Key points in this example:

  • ProjectionExpression limits DynamoDB to return only necessary attributes, preventing exposure of internal or sensitive fields.
  • The UserProfile Pydantic model ensures only declared fields are serialized into the HTTP response; extra attributes in the DynamoDB item are ignored.
  • An explicit ownership check is performed before returning data, mitigating IDOR risks by confirming the requesting user is allowed to view the target item.
  • Errors are generic (e.g., Data service error, Not found) to avoid leaking stack traces or DynamoDB-specific details.

For broader listing endpoints, apply similar discipline. Use FilterExpression after retrieving only projected attributes, and enforce row-level ownership in the filter condition where possible. Avoid returning raw DynamoDB items from scan operations; instead, map to domain models and validate each item.

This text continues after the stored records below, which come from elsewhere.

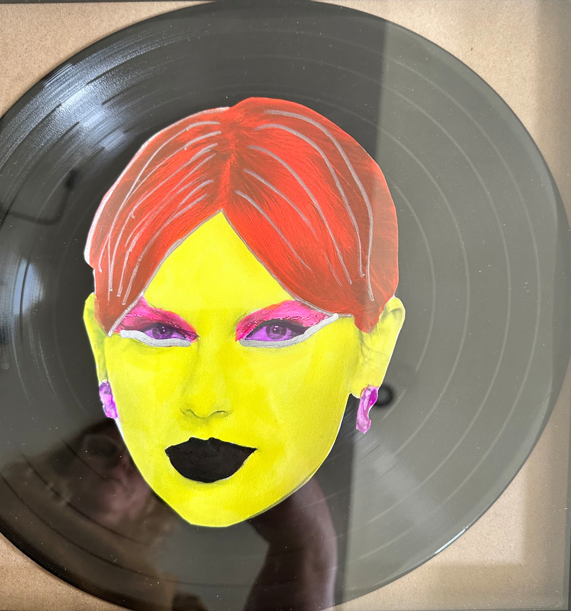 The “destruction of the sacred” by gluing art onto vinyl albums (that were sacred in Stafford’s childhood home) gave her the same feelings of guilt as if she’d desecrated the American flag ala Mapplethorpe or Dread Scott. And finally the glitter paint pen work evokes memories of 80s kids with stickers and markers drawing in a yearbook. The choice of Taylor Swift in the place of Marilyn Monroe was deliberate as Taylor has referenced herself as a product that she wants 100% control of the marketing and profit from.
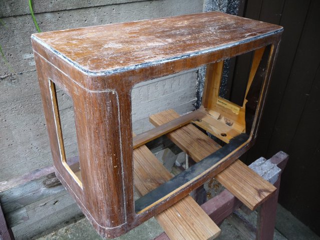 Tässä kuvassa Celeston Reginan kotelo on maalinpoiston jäljiltä, tulos on vähän epätasainen. Lakkanpoisto vaatii vielä uuden käsittelyn, mutta siihen käytän Tinneriä. Kotelo on lakattu selluloosalakalla, niinkuin lähes kaikki tuon ajan puulaatikot Suomessa (1958).
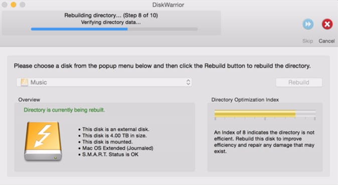 De snelheid waarmee DiskWarrior werkt, hangt af van het type en het formaat van je schijf. Het duurde slechts vijf minuten om de SSD van mijn Retina iMac te doorlopen. Toen ik de directory van mijn Time Machine-schijf wilde optimaliseren, duurde het echter een uur, en het gebruikte zo'n 10GB aan RAM. (Dit is niet ongebruikelijk. Vanwege de manier waarop Time Machine werkt bevat een schijf als deze enorm veel bestanden.) Maar DiskWarrior 4 kon vaak een Time Machine-schijf helemaal niet repareren vanwege het grote aantal bestanden. Aangezien DiskWarrior 5 gebruik maakt van 64-bit-geheugenadressering kan het nu zulke grote directories aan.

These practices reduce the attack surface for information disclosure and align with secure-by-design patterns for API data access.

Frequently Asked Questions

Can information disclosure via DynamoDB be detected by unauthenticated scans?
Yes, middleBrick’s unauthenticated black-box scans can identify endpoints that return inconsistent data classes or verbose errors, which are indicators of potential information disclosure.
Does using Pydantic models alone prevent information disclosure?
Pydantic helps enforce output shape, but you must also use projection expressions in DynamoDB and enforce ownership checks. Relying only on serialization leaves internal data exposure risks if extra fields are present in the raw response.